O governo brasileiro não assistiria passivamente à sua possível exclusão do Sistema Geral de Preferências (SGP) dos Estados Unidos. A reação imediata seria a abertura de uma controvérsia na Organização Mundial do Comércio (OMC). Com essa ressalva, fontes do Itamaraty responderam ontem à "alucinada" ameaça do presidente do Comitê de Finanças do Senado americano, Chuck Grassley, de exclusão do Brasil e da Índia desse mecanismo, como represália por terem sido "grandes obstáculos" nas negociações da Rodada Doha da OMC.

Para o Ministério das Relações Exteriores, a declaração de Grassley não contaminará o encontro agendado entre a representante de Comércio dos Estados Unidos, Susan Schwab, e o ministro das Relações Exteriores, Celso Amorim, amanhã no Rio de Janeiro. Em princípio, não seria um tema a ser tratado entre ambos.
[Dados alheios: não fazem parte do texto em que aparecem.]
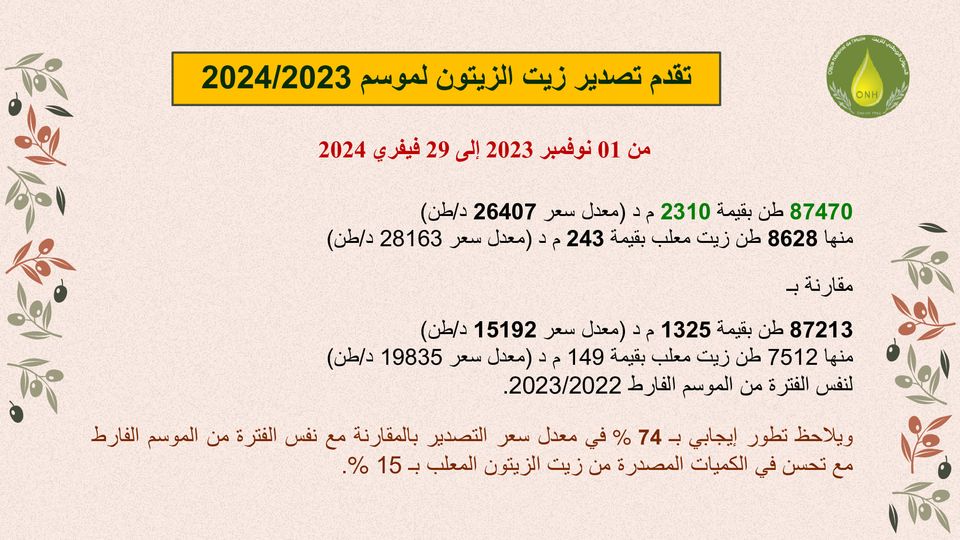 وحسب أرقام الديوان الوطني لزيت الزيتون فقد تم تصدير 87470 طن من الزيت بقيمة 2310 مليون دينار بمعدل 26407 دينار للطن الواحد منها 8628 طن زيت معلب بقيمة 243 مليون دينار بمعدل 28163 دينار للطن الواحد في الفترة الممتدة من 01 نوفمبر 2023 إلى 29 فيفري 2024.
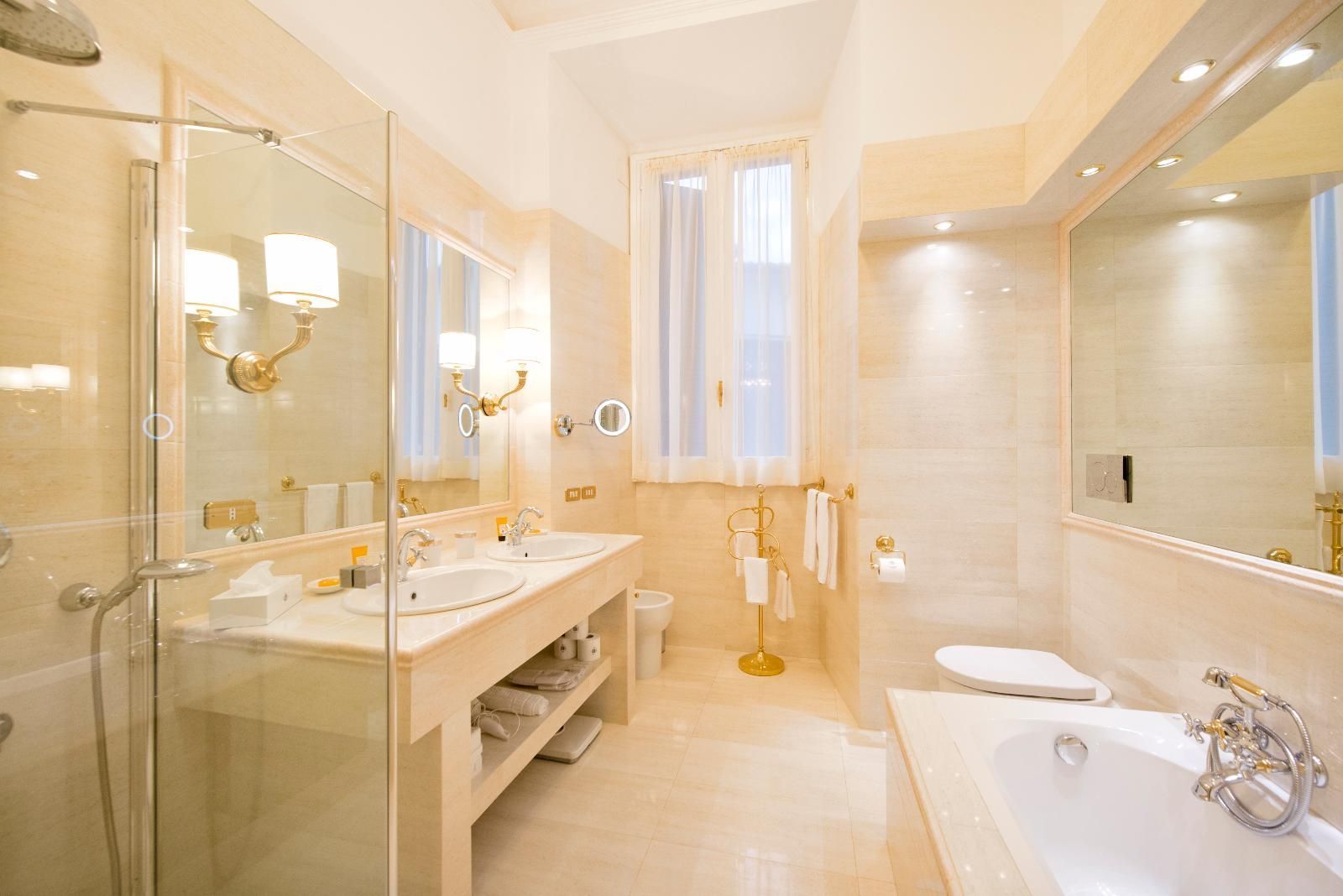 Private Terrace: ideal for some relaxing moments outdoor, an aperitivo or even to have breakfast in your suite.The Master bedroom: offers a double canopy bed, a Smart TV connected with the satellite service offered by Sky and a decorated fireplace with a beautiful painting above. There is also a second contiguous bedroom with another 2 single beds. It is also possible to request a cradle for your child. The bathroom has a bathtub with shower and a double wash basin.

"Dizer que Brasil e Índia não se empenharam nas negociações da OMC só pode partir de uma percepção equivocada", resumiu um diplomata. "Se assim fosse, por que a embaixadora Schwab viria ao Brasil no sábado para discutir a rodada com o chanceler brasileiro?"

No Itamaraty, a ameaça do senador foi avaliada como sinal de aquecimento das eleições legislativas nos Estados Unidos, marcadas para novembro deste ano. Revides comerciais e posições mais protecionistas são dois clássicos do discurso político orientado a agradar ao eleitor médio americano, sobretudo nos Estados mais dependentes da atividade agrícola.

Coincidentemente, Grassley vem de Iowa, uma das maiores regiões produtoras de grãos dos EUA, e responde por um comitê do Senado cujas atribuições se estendem também ao comércio internacional.

AMEAÇAS Criado em 1970, o SGP autoriza 11 países mais a União Européia a concederem reduções em tarifas de importação para produtos específicos de países em desenvolvimento, sem ferir as regras internacionais do comércio. Mas não chega a ser uma grande concessão das economias mais desenvolvidas. Nos Estados Unidos, a fatia de importações favorecida por todo o SGP não alcança 2% do total de bens adquiridos no exterior.

Nos últimos anos, o Brasil foi ameaçado várias vezes por Washington de ser retirado desse mecanismo, sob a alegação de não cumprir com requisitos na área de propriedade intelectual. Mas nada aconteceu. "Uma coisa é a declaração de um parlamentar. Outra coisa é uma atitude efetiva do governo dos Estados Unidos. Até agora, não tivemos nenhum sinal de que Washington retiraria o Brasil do SGP", afirmou uma fonte do Itamaraty.

Em 2005, o Brasil foi o terceiro país que mais se aproveitou do SGP americano, atrás apenas da Índia e de Angola. Do total de bens exportados pelo País para os Estados Unidos no período, de US$ 24,4 bilhões, cerca de US$ 3,6 bilhões, ou 15%, valeram-se das redução tarifárias autorizadas por esse mecanismo. Porém o Brasil deixou de usar ainda uma parcela de US$ 387 milhões. A Índia aproveitou o benefício para o embarque de US$ 4,2 bilhões - 22,3% das exportações totais daquele país em 2005.